Exercise instructions:
Give again, unaltered, the lines of the listing below that run from the line having "Smiling young man" through the line having "在珠海市著名文學創(chuà".

Source data:
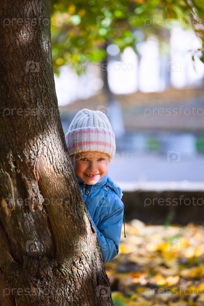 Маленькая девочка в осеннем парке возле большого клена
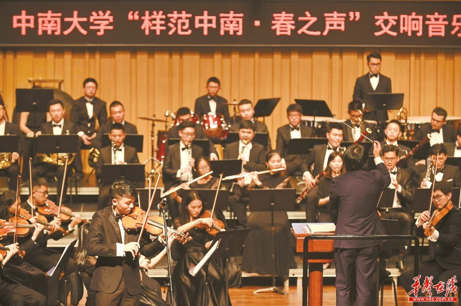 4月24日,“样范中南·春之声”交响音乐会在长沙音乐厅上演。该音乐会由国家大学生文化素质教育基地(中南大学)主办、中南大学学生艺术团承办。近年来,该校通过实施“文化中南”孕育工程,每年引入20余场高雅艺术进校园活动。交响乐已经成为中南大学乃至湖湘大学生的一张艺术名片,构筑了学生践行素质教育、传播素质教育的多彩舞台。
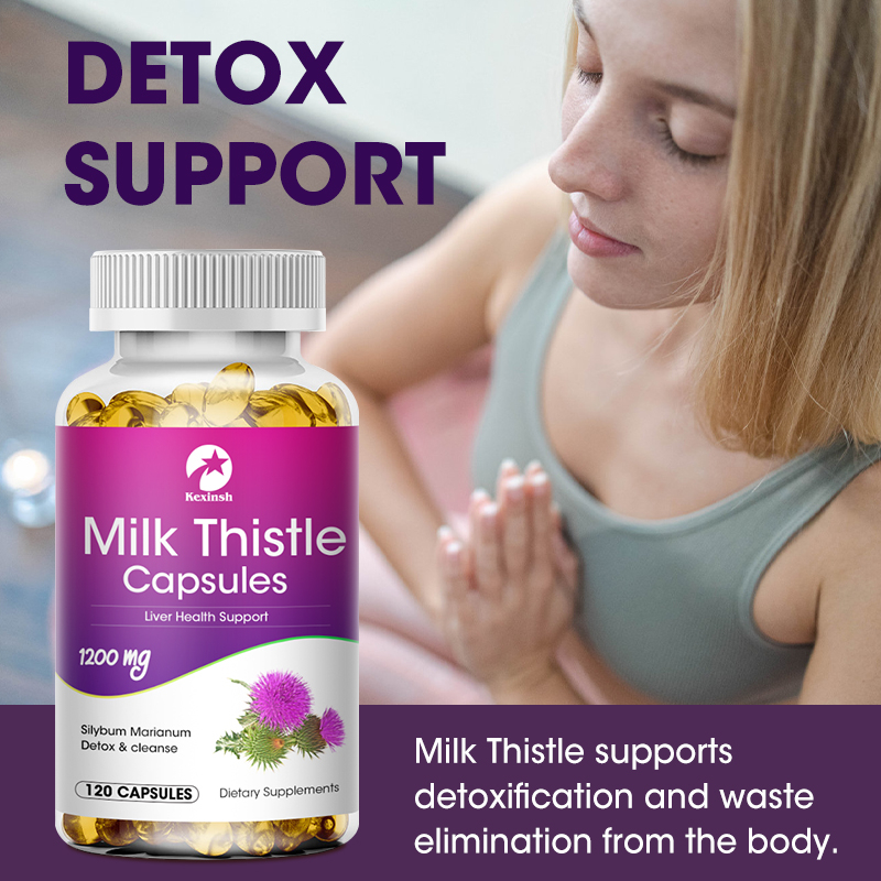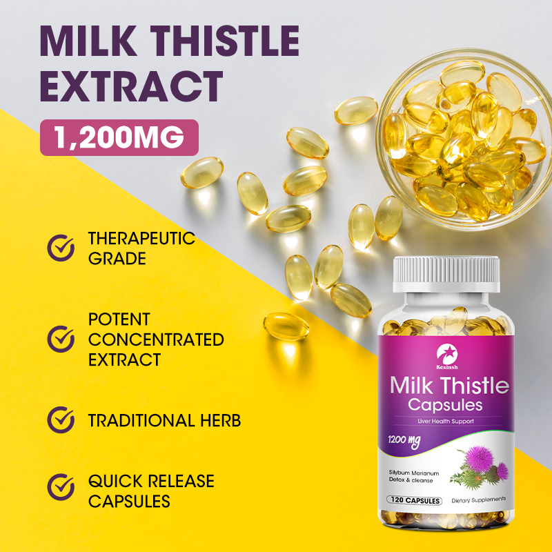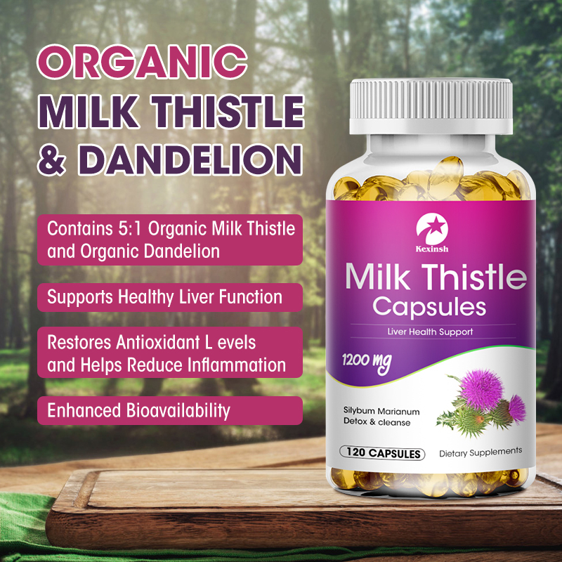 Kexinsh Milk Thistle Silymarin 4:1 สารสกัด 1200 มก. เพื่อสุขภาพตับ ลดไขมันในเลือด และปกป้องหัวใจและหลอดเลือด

* * *

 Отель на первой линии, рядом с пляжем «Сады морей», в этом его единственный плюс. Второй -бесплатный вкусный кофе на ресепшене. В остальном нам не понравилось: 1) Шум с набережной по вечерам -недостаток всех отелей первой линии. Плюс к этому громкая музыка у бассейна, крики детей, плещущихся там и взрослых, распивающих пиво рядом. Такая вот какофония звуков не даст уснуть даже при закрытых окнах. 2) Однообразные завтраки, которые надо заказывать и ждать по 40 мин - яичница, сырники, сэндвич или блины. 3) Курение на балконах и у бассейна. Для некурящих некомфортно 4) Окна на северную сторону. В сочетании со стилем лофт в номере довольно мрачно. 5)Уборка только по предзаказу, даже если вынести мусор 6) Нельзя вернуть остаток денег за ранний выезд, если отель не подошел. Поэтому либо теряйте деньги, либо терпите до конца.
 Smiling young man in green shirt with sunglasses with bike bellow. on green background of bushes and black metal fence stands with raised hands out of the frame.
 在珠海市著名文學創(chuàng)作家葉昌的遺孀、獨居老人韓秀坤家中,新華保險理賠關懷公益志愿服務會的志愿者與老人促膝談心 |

Result for this exercise:
 Smiling young man in green shirt with sunglasses with bike bellow. on green background of bushes and black metal fence stands with raised hands out of the frame.
 在珠海市著名文學創(chuàng)作家葉昌的遺孀、獨居老人韓秀坤家中,新華保險理賠關懷公益志愿服務會的志愿者與老人促膝談心 |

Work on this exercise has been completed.